- From: Roger Rogerson <tesconda2@hotmail.com>
- Date: Sat, 27 Aug 2022 17:17:21 +0000
- To: "public-schemaorg@w3.org" <public-schemaorg@w3.org>
- Message-ID: <DB9P190MB17009ACD425E0316BBE52705F8749@DB9P190MB1700.EURP190.PROD.OUTLOOK.COM>
I appreciate that things like MicroData are inlined, and utilise the HTML Markup to associate data with content. But JSON-LD Schema is embedded. In many cases, this additional code serves no "human" purpose, and is provided for "machines" (typically Google).
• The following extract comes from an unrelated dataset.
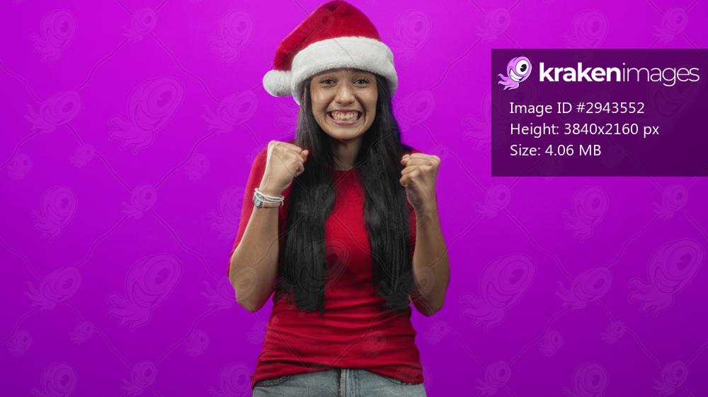 Young woman wearing a santa hat and red shirt clenches fists and smiles with visible excitement in a studio; holiday joy.
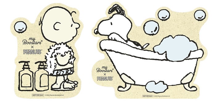 2025年10月27日(月)11時より、公式ECストアにて「PEANUTS」×「myBoostars」コラボデザイン商品を含むギフトボックスが販売開始されます。購入者全員にオリジナルお風呂ステッカー2種セットが同梱されますが、数量限定のため、なくなり次第終了となります。

A shining example is the following web page (remove spaces after periods): https://www. delish. com/cooking/g1956/best-cookies/ That page has approximately 35Kb of Schema. That is loaded for every single human visitor. In the case of popular pages - this means a large amount of unnecessary code is transferred (Gigabytes or higher per year). If the JSON-LD could be externalised into a referred to file, then this could reduce bandwidth consumption for users, help speed up some page load times/improve performance and help towards "going green". I appreciate that technically, this isn't about "Schema" directly, but about how Browsers and Parsers can recognise and handle and externalised version - but I'm hoping this is the right place to get it considered and the right people to see it/push it to browser vendors. Thank you. Autocrat.